Unlike alcohol, with most types of kava, you shouldn’t have a kava hangover!
Low-Anxiety Target (Anxiolytic)
If you take 2 tablespoons of kava root powder from decent kava and do a couple of washes, you’ll get a pleasant, mild buzz that will probably make you relaxed, and ready to get to bed. You’ll not likely get loopy or anything, and many would compare the buzz to that of having taken a Vicodin.
See this article on Kava and Anxiety for more information.
Let’s Get Krunk
But if you continue to drink more and more, you can get “krunk”, or kava-drunk, and you’ll reach a more delirious state that is still quite pleasant and certainly more level-headed than an alcohol-drunk sensation. This level may cause drowsiness, wooziness, and strange sensations when moving.
Often you get a pretty intense body buzz at this level, and while you’ll keep a relatively clear head, you’ll certainly feel a more potent sensation.
To reach a krunk level, you’ll probably want to consume between 600mg and 1,000 mg of kavalactones — so say 3-4 shells of kava, or 6-10 tablespoons.
Is it possible to overdose on kava? There’s no known level of kava that can produce an overdose, and most likely you’d get sick and throw up all your water before you reach that point. However, spend any time searching for information on kava, and you’ll find reports of deaths from kava, liver failure, hepatoxicity, and the like.
This is not due to dosage, but rather apparently from bad kava, inappropriately produced and processed.
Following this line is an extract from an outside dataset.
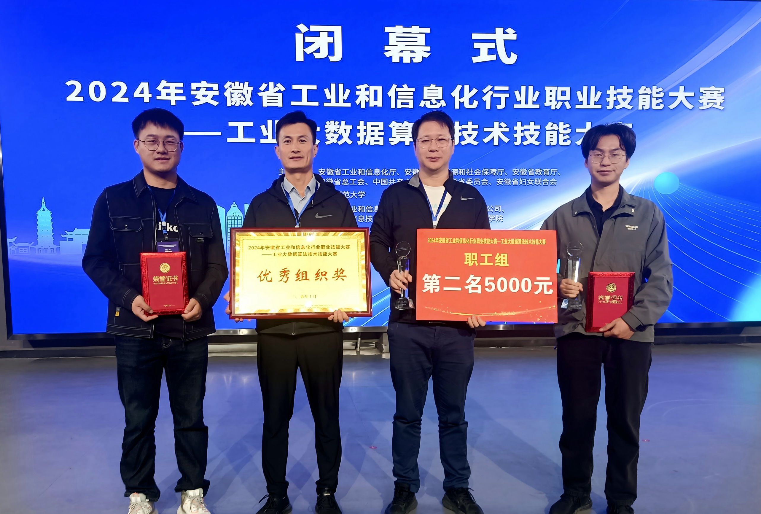本网讯 10月18日至20日,由省工信厅、人社厅、教育厅、省总工会、团省委、省妇联等六家单位共同举办的2024年全省工业和信息化行业职业技能大赛——工业大数据算法技术技能大赛在安庆师范大学成功举办。学院教师胡六四和孙涛组成的1队荣获职工组一等奖(第二名),邵黑龙和赵鹏程组成的2队获得三等奖,学院被授予优秀组织奖。
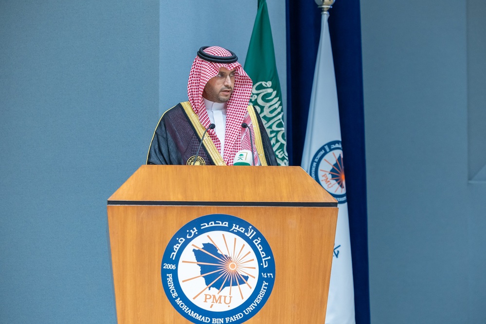 وأضاف سموه: نحتفل اليوم بتخريج دفعة جديدة من طلاب جامعة الأمير محمد بن فهد، برعاية كريمة من سمو أمير المنطقة الشرقية، الذي يجسد حضوره دعماً متواصلاً لمسيرة التعليم والتنمية في المنطقة، وفي هذه المناسبة، نستذكر بكل وفاء مؤسس الجامعة، سيدي صاحب السمو الملكي الأمير محمد بن فهد بن عبدالعزيز – رحمه الله – الذي وضع رؤية رائدة تقوم على تمكين الإنسان، وبناء صرح تعليمي يواكب العصر ويخدم الوطن؛ نسأل الله أن يجعل ما قدمه في ميزان حسناته.

See my article on kava and liver damage for more information.
There’s no risk of blackouts, you won’t be dancing naked on the pool table and not remember it, or any of those sorts of things. Generally if you take too much kava, you’ll perhaps get woozy, want to go to sleep, and have some stomach upset.
Assuming your kava is noble, you shouldn’t wake up with a massive headache the next morning. You may feel a bit blase, but it’s nothing like a raging alcohol hangover.
Driving, Operating Machinery, and General Impairment on Kava
When consuming any significant quantity of kava, from 250mg on up, you should be quite cautious about operating heavy equipment, driving, surgery, free-climbing, or any task that requires a clear head, and where there is risk to yourself and to others. Again, treat kava somewhat similar to the way you would treat alcohol, and wait until the buzz has dissipated before you drive.
Be smart, and be safe!
Conclusion – How Much Kava to Take
For most kava users in most situations, you’ll likely want to stick to less than 250 mg of kavalactones per day. This translates to 2-3 tablespoons of medium grind, traditional kava, and will result in a relaxing, mild buzz.
If you want to go a bit off the deep end and hit the “krunk” level, you’ll probably want to consume 3-4 times that quantity of kava in a session.